(Task brief): Begin at the line containing "Volkswagen brand Bugatti" in the entries below and end at the line containing "HORARIO DE ENTREGA DE PROYECTOS FINALES"; transcribe that range exactly and nothing outside it.

(Supplied records):
——

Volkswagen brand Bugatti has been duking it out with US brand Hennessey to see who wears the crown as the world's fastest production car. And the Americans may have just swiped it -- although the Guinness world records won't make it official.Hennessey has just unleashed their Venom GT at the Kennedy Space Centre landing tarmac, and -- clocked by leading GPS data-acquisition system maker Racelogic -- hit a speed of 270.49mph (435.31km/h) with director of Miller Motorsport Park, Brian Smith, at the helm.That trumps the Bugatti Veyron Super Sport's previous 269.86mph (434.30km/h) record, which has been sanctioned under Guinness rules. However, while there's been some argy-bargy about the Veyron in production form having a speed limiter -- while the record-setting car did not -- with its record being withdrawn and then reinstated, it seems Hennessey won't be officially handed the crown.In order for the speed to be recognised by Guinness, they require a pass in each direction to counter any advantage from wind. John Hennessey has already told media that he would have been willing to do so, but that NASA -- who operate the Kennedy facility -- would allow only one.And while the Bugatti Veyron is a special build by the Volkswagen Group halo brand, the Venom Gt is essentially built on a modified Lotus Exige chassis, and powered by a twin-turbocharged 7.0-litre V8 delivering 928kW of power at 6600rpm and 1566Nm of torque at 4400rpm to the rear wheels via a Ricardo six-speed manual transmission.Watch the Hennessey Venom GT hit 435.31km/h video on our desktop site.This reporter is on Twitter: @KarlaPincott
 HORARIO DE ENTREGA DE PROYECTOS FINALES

——

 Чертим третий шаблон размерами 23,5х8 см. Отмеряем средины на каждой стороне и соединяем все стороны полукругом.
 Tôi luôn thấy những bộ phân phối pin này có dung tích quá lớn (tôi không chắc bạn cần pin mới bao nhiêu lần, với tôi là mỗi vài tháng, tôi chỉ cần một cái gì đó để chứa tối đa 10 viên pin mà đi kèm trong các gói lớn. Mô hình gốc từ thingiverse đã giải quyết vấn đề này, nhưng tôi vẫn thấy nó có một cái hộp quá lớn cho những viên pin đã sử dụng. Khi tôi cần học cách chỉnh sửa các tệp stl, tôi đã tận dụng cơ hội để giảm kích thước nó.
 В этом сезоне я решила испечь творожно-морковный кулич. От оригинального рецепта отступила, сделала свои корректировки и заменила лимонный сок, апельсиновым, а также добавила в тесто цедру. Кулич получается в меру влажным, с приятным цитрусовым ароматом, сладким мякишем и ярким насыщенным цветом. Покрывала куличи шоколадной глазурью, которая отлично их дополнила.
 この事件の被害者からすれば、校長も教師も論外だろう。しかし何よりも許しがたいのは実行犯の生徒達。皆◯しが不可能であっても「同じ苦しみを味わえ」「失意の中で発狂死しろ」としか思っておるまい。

——

(Written solution):
Volkswagen brand Bugatti has been duking it out with US brand Hennessey to see who wears the crown as the world's fastest production car. And the Americans may have just swiped it -- although the Guinness world records won't make it official.Hennessey has just unleashed their Venom GT at the Kennedy Space Centre landing tarmac, and -- clocked by leading GPS data-acquisition system maker Racelogic -- hit a speed of 270.49mph (435.31km/h) with director of Miller Motorsport Park, Brian Smith, at the helm.That trumps the Bugatti Veyron Super Sport's previous 269.86mph (434.30km/h) record, which has been sanctioned under Guinness rules. However, while there's been some argy-bargy about the Veyron in production form having a speed limiter -- while the record-setting car did not -- with its record being withdrawn and then reinstated, it seems Hennessey won't be officially handed the crown.In order for the speed to be recognised by Guinness, they require a pass in each direction to counter any advantage from wind. John Hennessey has already told media that he would have been willing to do so, but that NASA -- who operate the Kennedy facility -- would allow only one.And while the Bugatti Veyron is a special build by the Volkswagen Group halo brand, the Venom Gt is essentially built on a modified Lotus Exige chassis, and powered by a twin-turbocharged 7.0-litre V8 delivering 928kW of power at 6600rpm and 1566Nm of torque at 4400rpm to the rear wheels via a Ricardo six-speed manual transmission.Watch the Hennessey Venom GT hit 435.31km/h video on our desktop site.This reporter is on Twitter: @KarlaPincott
 HORARIO DE ENTREGA DE PROYECTOS FINALES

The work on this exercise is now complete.